I know you said recently how important it is not to build AI to maximize user engagement, just so we don't repeat the mistakes of social media.
But I also wonder whether we are already seeing this in a way.
I mean, people spending so much time talking to their chatbots that they end up kind of spiraling into self radicalizing.
Yeah.
How do you stop that?
How do you build AI that puts users at the center of their own universe, which is sort of the point of this in a lot of ways, but without creating echo chambers of one?
Yeah, it's a very, you know, careful balance that, you know, I think is one of the most important things that we as an industry have got to get right.

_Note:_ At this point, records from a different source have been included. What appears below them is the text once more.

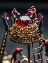 miniature workers jewelry photography ruby gold setting red prongs laser engravers craftsmanship fine delicate artisan intricate gemstone metalwork workshop polishing custom luxury elegant refined beautiful stunning masterpiece fashion unique brilliance collector glowing artistic detailed engraved premiumImagine Buddy
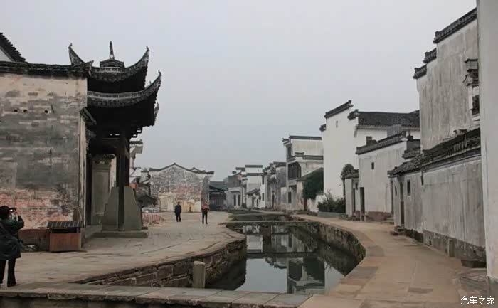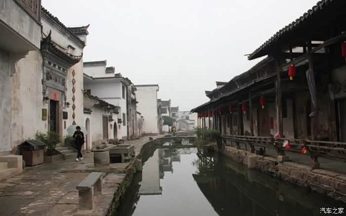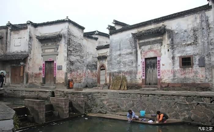 小溪的两旁,错落有致地分布着典型的徽派建筑,青砖黛瓦马头墙,古朴沧桑……
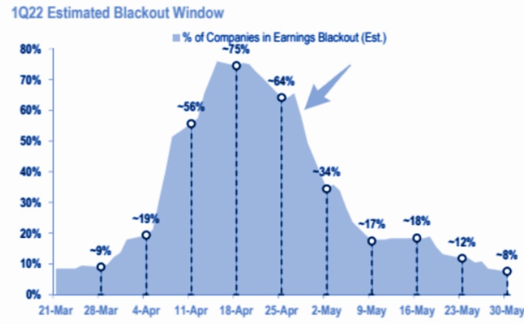 La maggior parte delle società quotate in borsa ha una politica di blackout ( blackout policy ) delle negoziazioni azionarie, che limita le transazioni a partire da due settimane prima del trimestre fino a 48 ore dopo il rilascio pubblico degli utili, ovvero i dati sull’andamento dell’azienda. La teoria del Buyback blackout sostiene che queste politiche possono causare prestazioni peggiori perché le aziende non possono riacquistare azioni prima del rilascio degli utili.
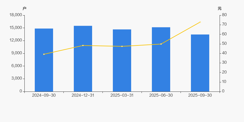截至2025年9月30日,公司最新总股本为1.33亿股,其中流通股本为8521万股。户均持有流通股数量由上期的5618股上升至6332股,户均流通市值46.09万元。
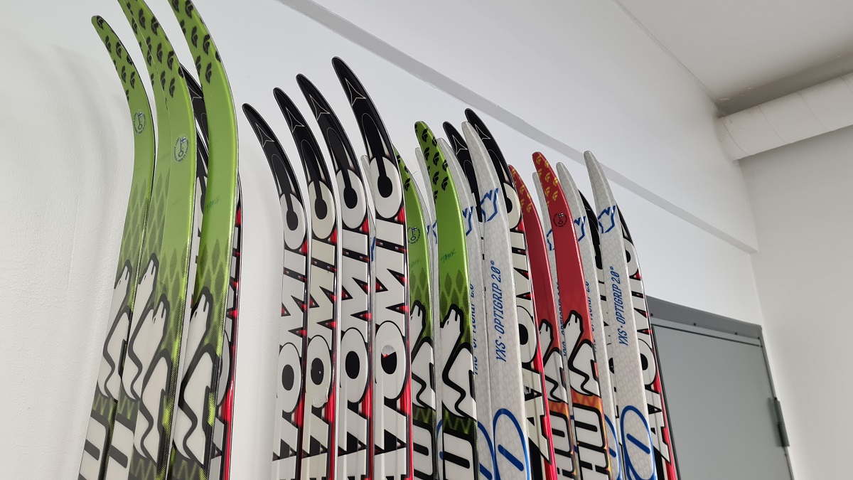 There are several pairs of traditional skis and ski boots and poles for rent in SportUni Kauppi.
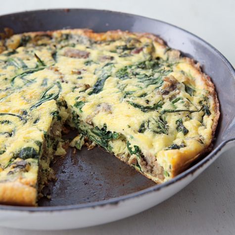 Transfer the pan to the oven and bake until the frittata is set in the center and slightly puffed, 25 to 30 minutes. Let cool for 5 minutes in the pan. Carefully run a paring knife or sharp-bladed spatula around the inside edges to release the frittata and slide onto a large plate. Cut the frittata into wedges and serve warm or at room temperature. Serves 8.
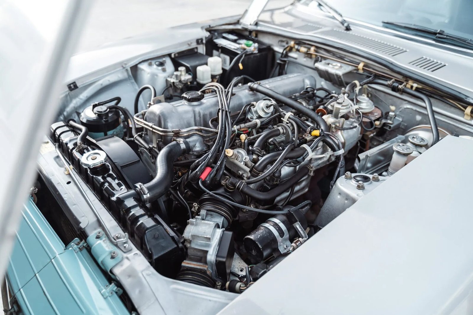 The 2.8-liter inline-six features a single overhead camshaft and was factory rated at 170 horsepower and 163 lb-ft of torque. The drive and accessory belts were changed and the fuel filter and sending unit were replaced in preparation for the sale. Power is sent to the rear wheels through a four-speed manual transmission.
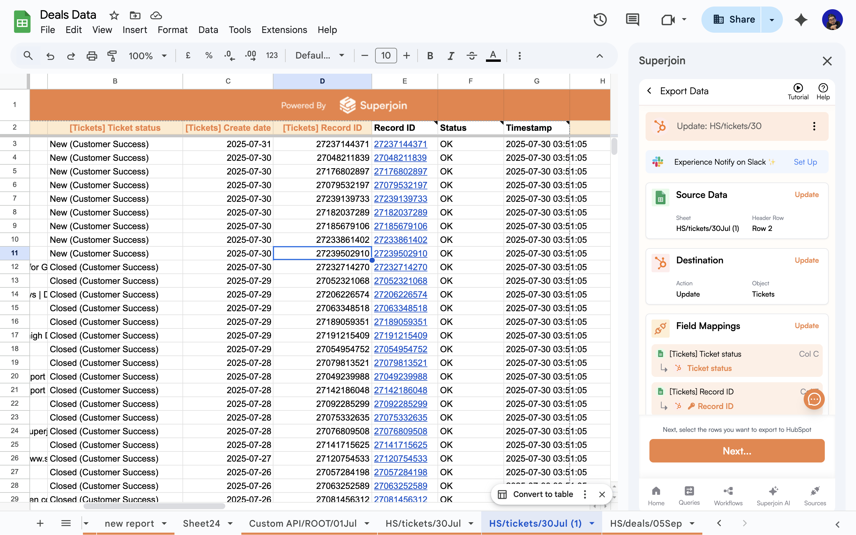 Exports are the data operations where you send data from Google Sheets to your Sources. For example, you can export Contacts from Google Sheets into HubSpot using Superjoin.
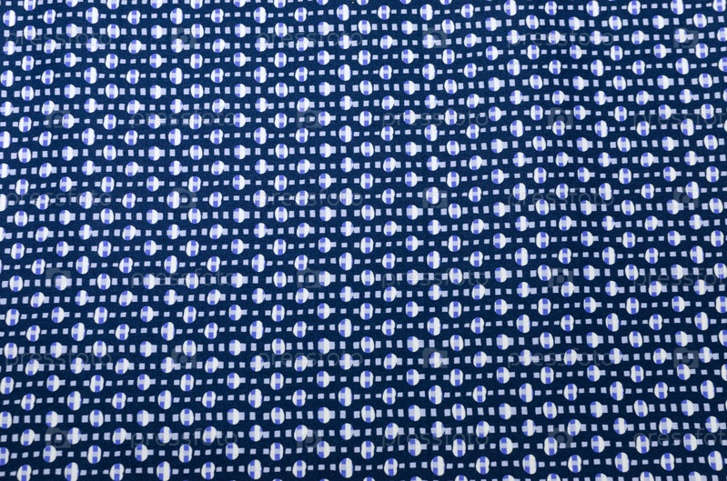 Хлопчатобумажная ткань, белый и синий геометрический узор на темно-синем
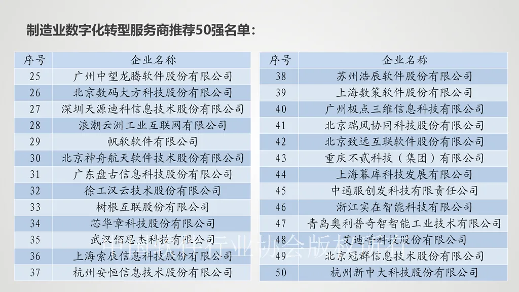 《报告》依据《制造业数字化转型服务商能力评估标准》(T/SIA061-2025),对制造业数字化转型服务商进行了深度调研,涵盖综合能力、创新能力、服务能力、生态建设能力四个维度的量化评估。通过数据分析与指标比对,最终形成“制造业数字化转型服务商推荐50强名单”。“推荐50强名单”的发布旨在树立行业标杆,引导服务商提升技术能力与服务质量,推动制造业数字化转型生态良性发展。入选企业涵盖工业软件、智能制造、工业互联网等多个领域,具备较强的综合竞争力和创新实践能力,充分体现了当前我国制造业数字化转型服务侧的核心力量与发展水平。

So I think we've seen what happens with, you know, some systems that were overly sycophantic, or, you know, then you get these sort of echo chamber reinforcements that are really bad for the person.
So I think part of it is and actually is what we want to build with Gemini.
And I'm really pleased with the Gemini three persona that we had a great team working on.
And I helped with two personally, is just this sort of almost like a scientific personality that's warm, it's helpful, it's light, but it's succinct to the point, and it will push back on things in a friendly way that don't make sense, rather than trying to reinforce you, you know, the idea that the earth's flat, and you said it, and it's like wonderful idea.
I don't think that's good in general for society if that were to happen.
But you got to balance it with what people want, because people want these systems to be supportive, helpful with their ideas and their brainstorming.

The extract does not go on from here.